Records from a collection:
________________________

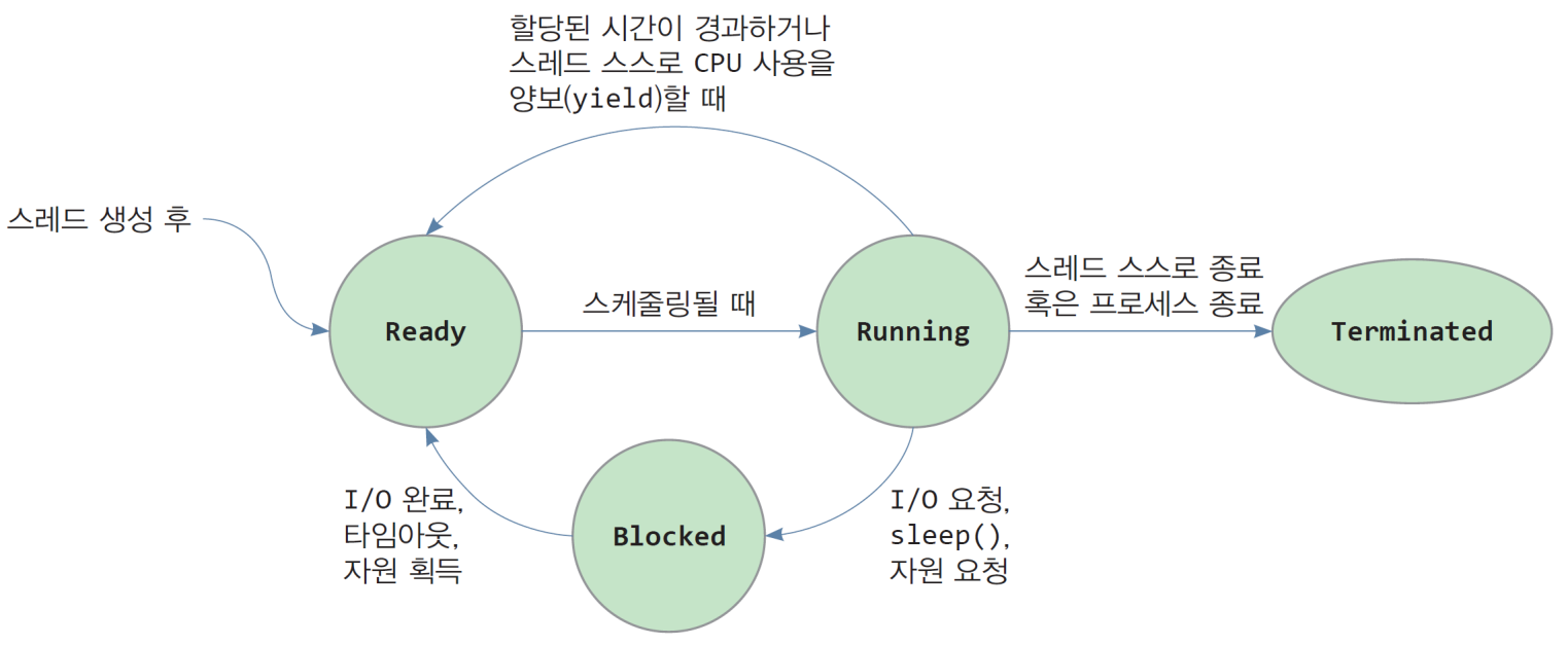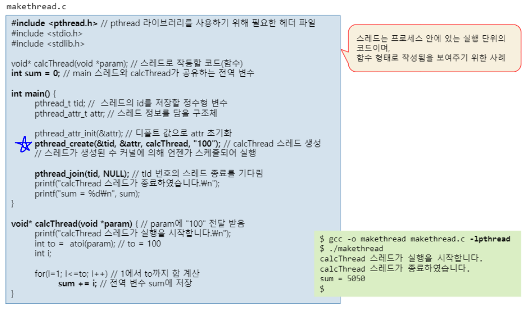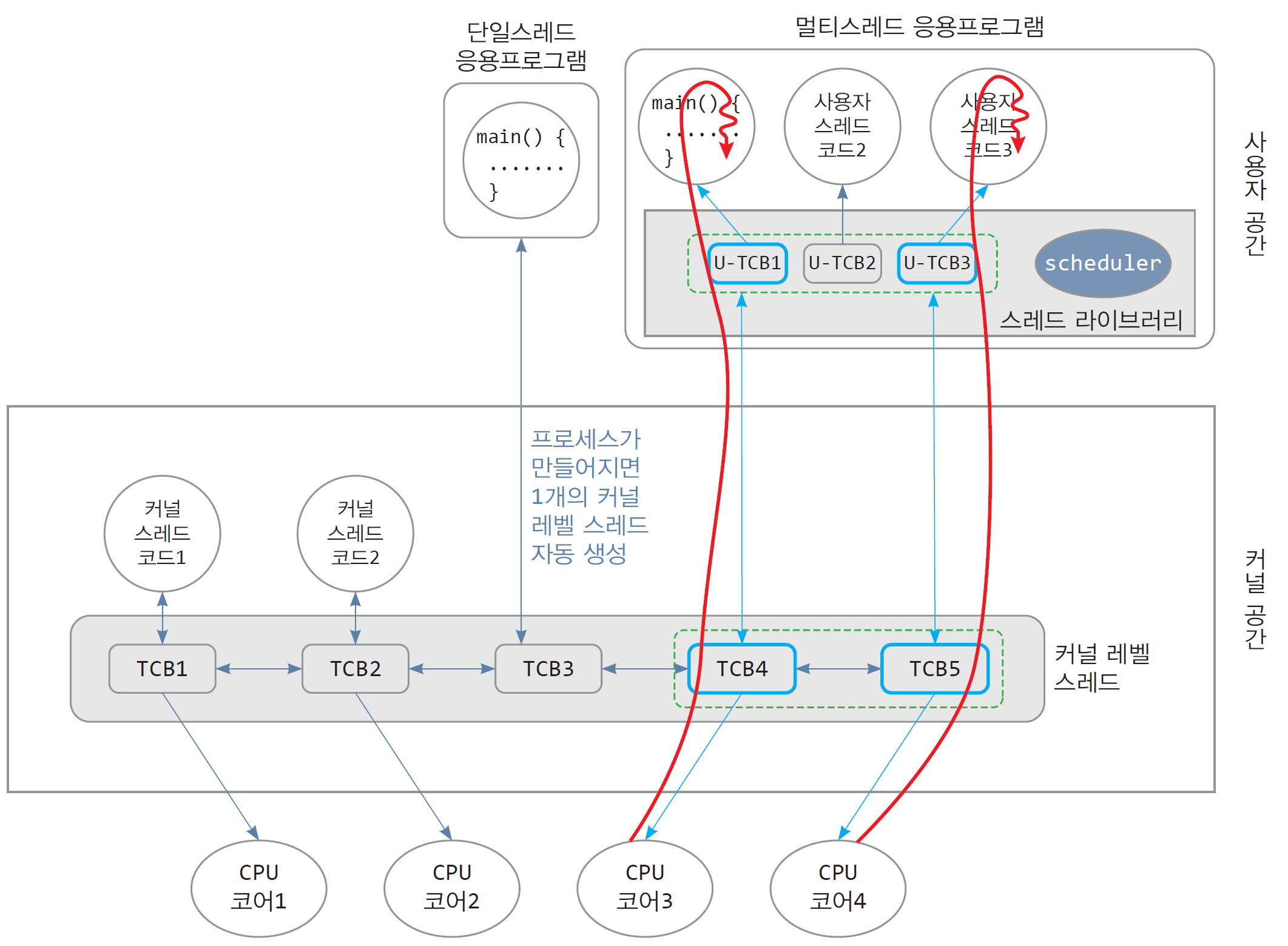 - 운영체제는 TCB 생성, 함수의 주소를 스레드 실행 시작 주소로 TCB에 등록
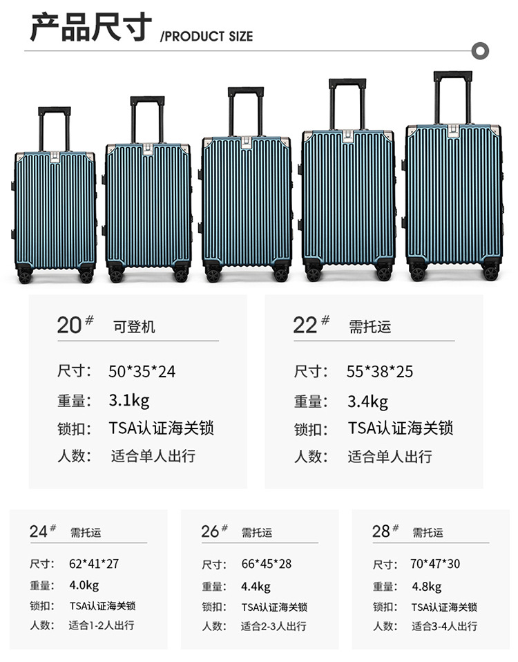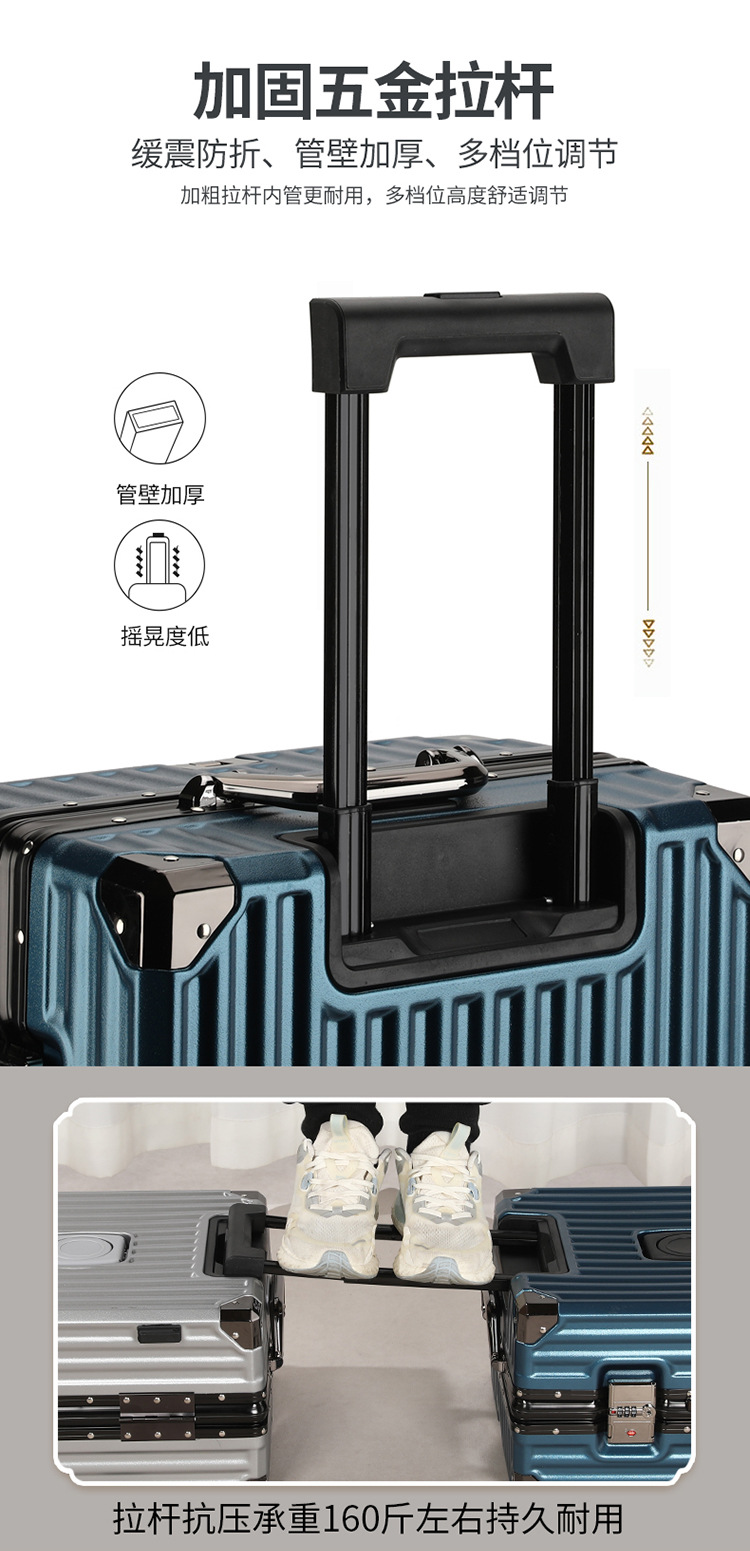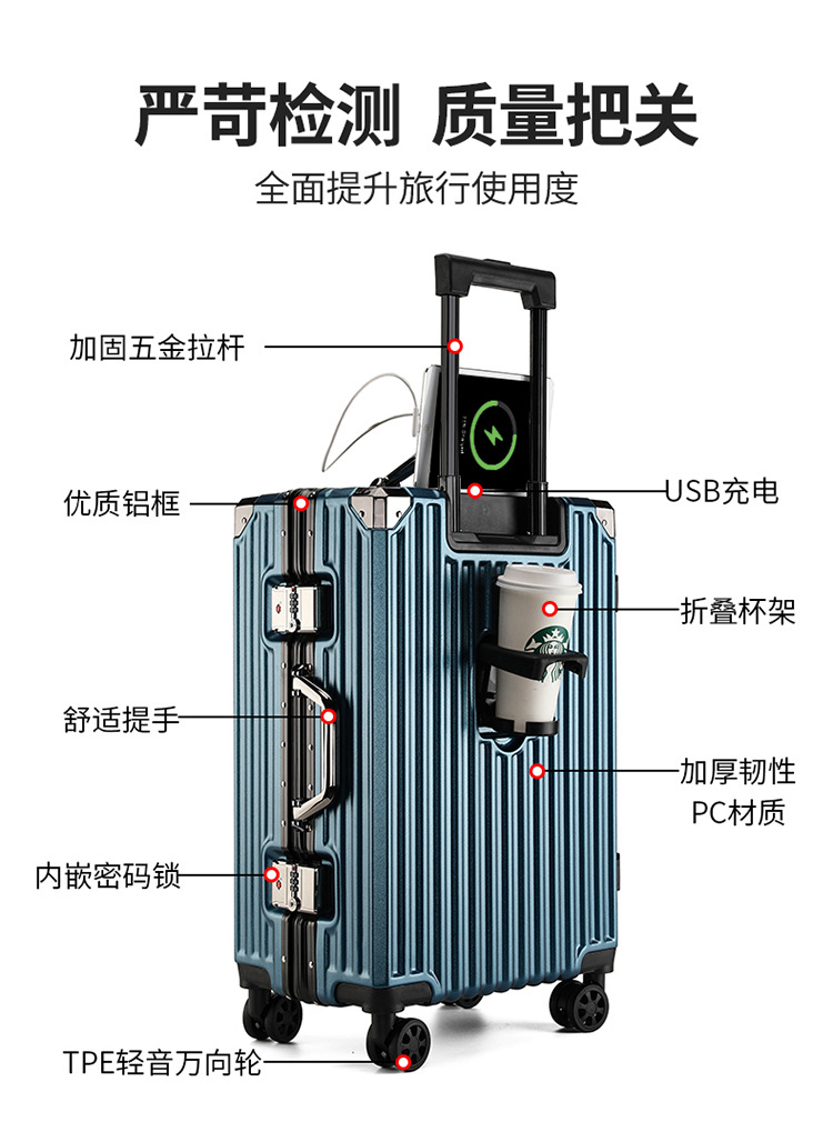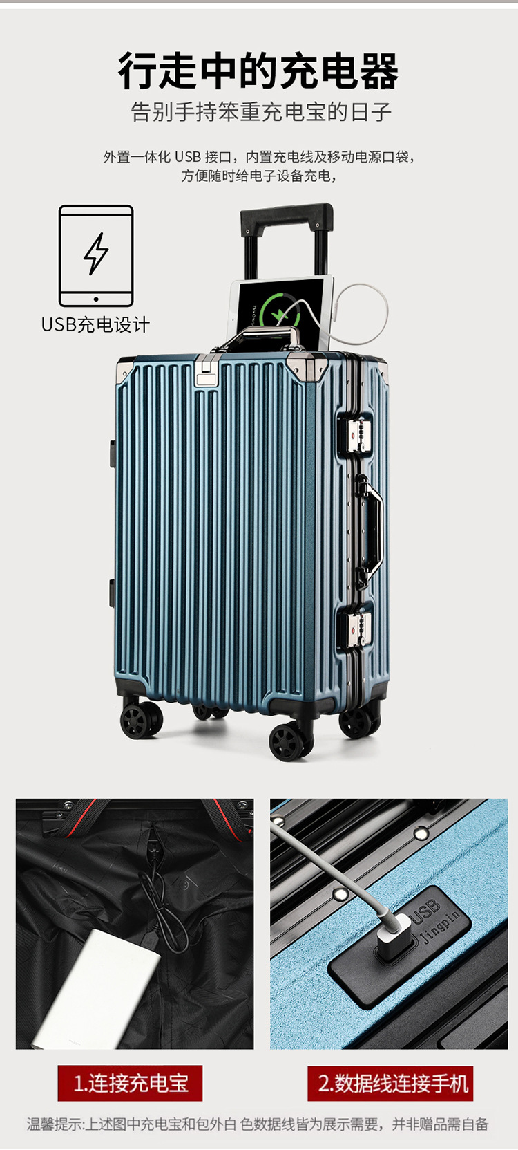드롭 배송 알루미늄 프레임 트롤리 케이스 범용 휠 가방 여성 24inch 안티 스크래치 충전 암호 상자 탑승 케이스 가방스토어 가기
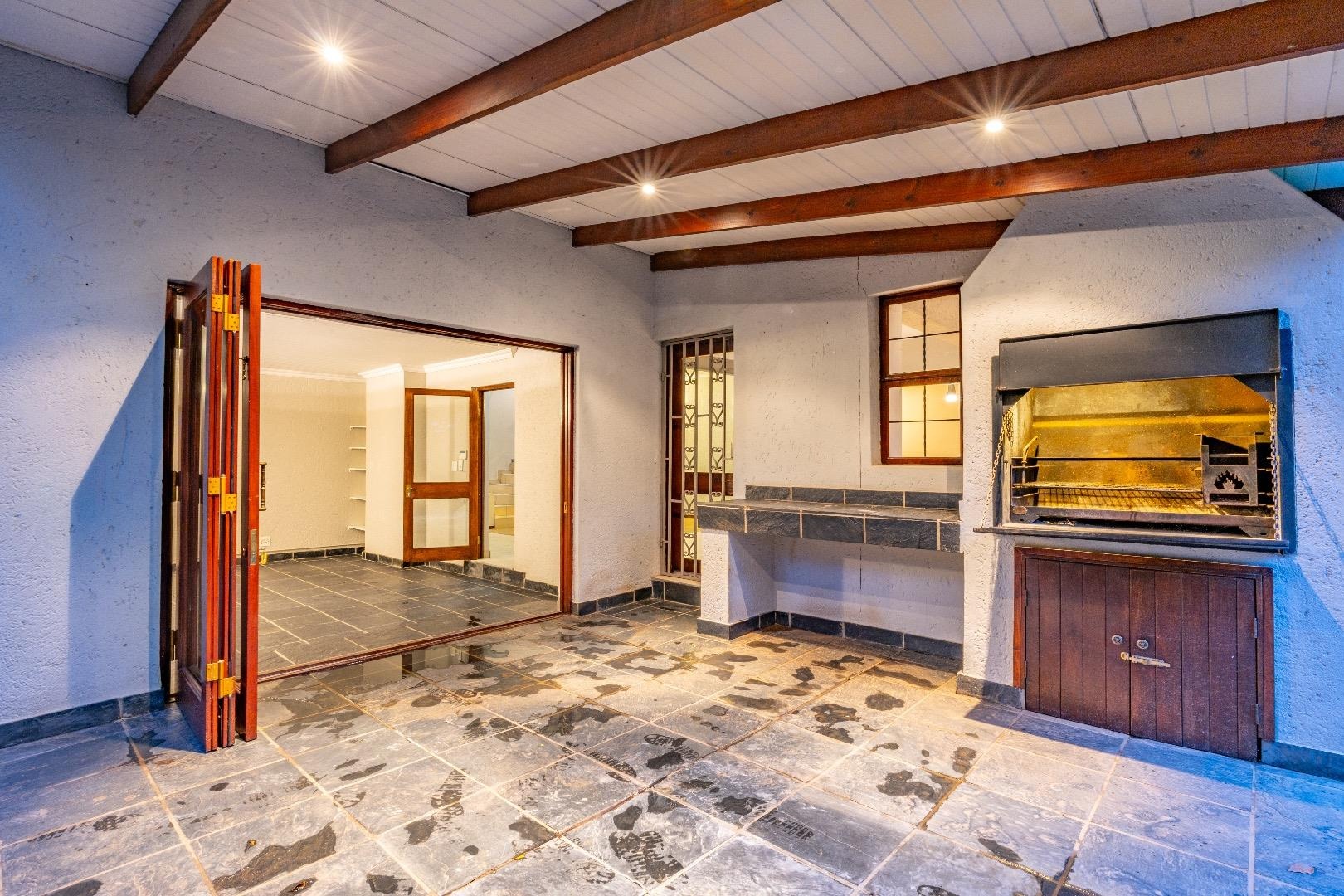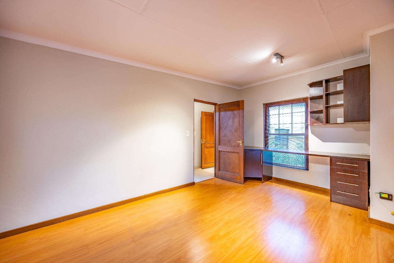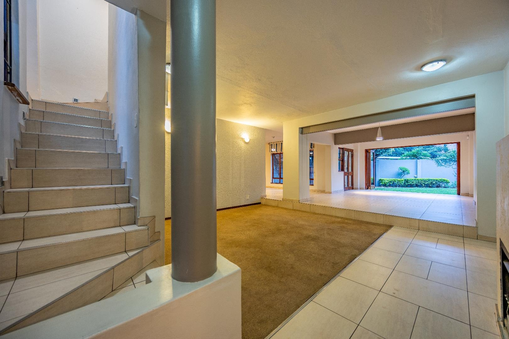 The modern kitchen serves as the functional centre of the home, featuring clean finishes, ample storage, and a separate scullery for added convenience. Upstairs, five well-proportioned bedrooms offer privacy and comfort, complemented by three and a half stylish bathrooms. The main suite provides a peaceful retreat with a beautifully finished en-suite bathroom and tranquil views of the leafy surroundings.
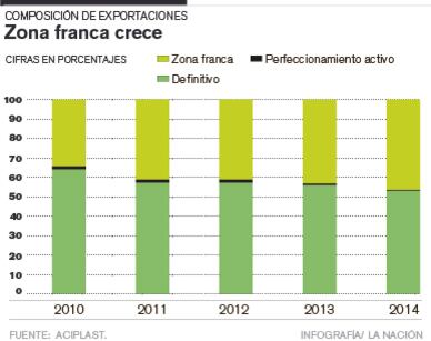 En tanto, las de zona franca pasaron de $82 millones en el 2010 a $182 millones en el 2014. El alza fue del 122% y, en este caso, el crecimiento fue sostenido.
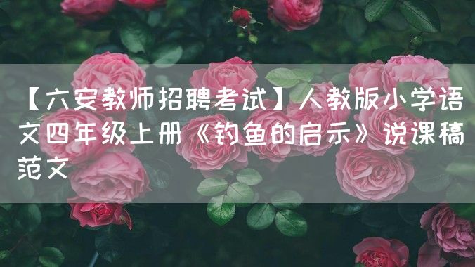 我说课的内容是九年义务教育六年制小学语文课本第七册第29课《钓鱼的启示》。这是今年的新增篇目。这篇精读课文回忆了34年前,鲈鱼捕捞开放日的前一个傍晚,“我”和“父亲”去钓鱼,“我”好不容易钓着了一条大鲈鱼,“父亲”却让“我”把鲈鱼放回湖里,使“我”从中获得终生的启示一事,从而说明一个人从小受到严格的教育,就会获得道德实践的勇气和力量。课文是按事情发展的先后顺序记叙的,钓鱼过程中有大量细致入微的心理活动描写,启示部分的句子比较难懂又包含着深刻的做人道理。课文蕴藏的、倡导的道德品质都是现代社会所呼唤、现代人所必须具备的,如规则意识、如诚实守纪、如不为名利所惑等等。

________________________

ABOUT THIS EXERCISE - Each record above must be retyped exactly. Omit the pictures.

EXPECTED OUTPUT -
 - 운영체제는 TCB 생성, 함수의 주소를 스레드 실행 시작 주소로 TCB에 등록
드롭 배송 알루미늄 프레임 트롤리 케이스 범용 휠 가방 여성 24inch 안티 스크래치 충전 암호 상자 탑승 케이스 가방스토어 가기
 The modern kitchen serves as the functional centre of the home, featuring clean finishes, ample storage, and a separate scullery for added convenience. Upstairs, five well-proportioned bedrooms offer privacy and comfort, complemented by three and a half stylish bathrooms. The main suite provides a peaceful retreat with a beautifully finished en-suite bathroom and tranquil views of the leafy surroundings.
 En tanto, las de zona franca pasaron de $82 millones en el 2010 a $182 millones en el 2014. El alza fue del 122% y, en este caso, el crecimiento fue sostenido.
 我说课的内容是九年义务教育六年制小学语文课本第七册第29课《钓鱼的启示》。这是今年的新增篇目。这篇精读课文回忆了34年前,鲈鱼捕捞开放日的前一个傍晚,“我”和“父亲”去钓鱼,“我”好不容易钓着了一条大鲈鱼,“父亲”却让“我”把鲈鱼放回湖里,使“我”从中获得终生的启示一事,从而说明一个人从小受到严格的教育,就会获得道德实践的勇气和力量。课文是按事情发展的先后顺序记叙的,钓鱼过程中有大量细致入微的心理活动描写,启示部分的句子比较难懂又包含着深刻的做人道理。课文蕴藏的、倡导的道德品质都是现代社会所呼唤、现代人所必须具备的,如规则意识、如诚实守纪、如不为名利所惑等等。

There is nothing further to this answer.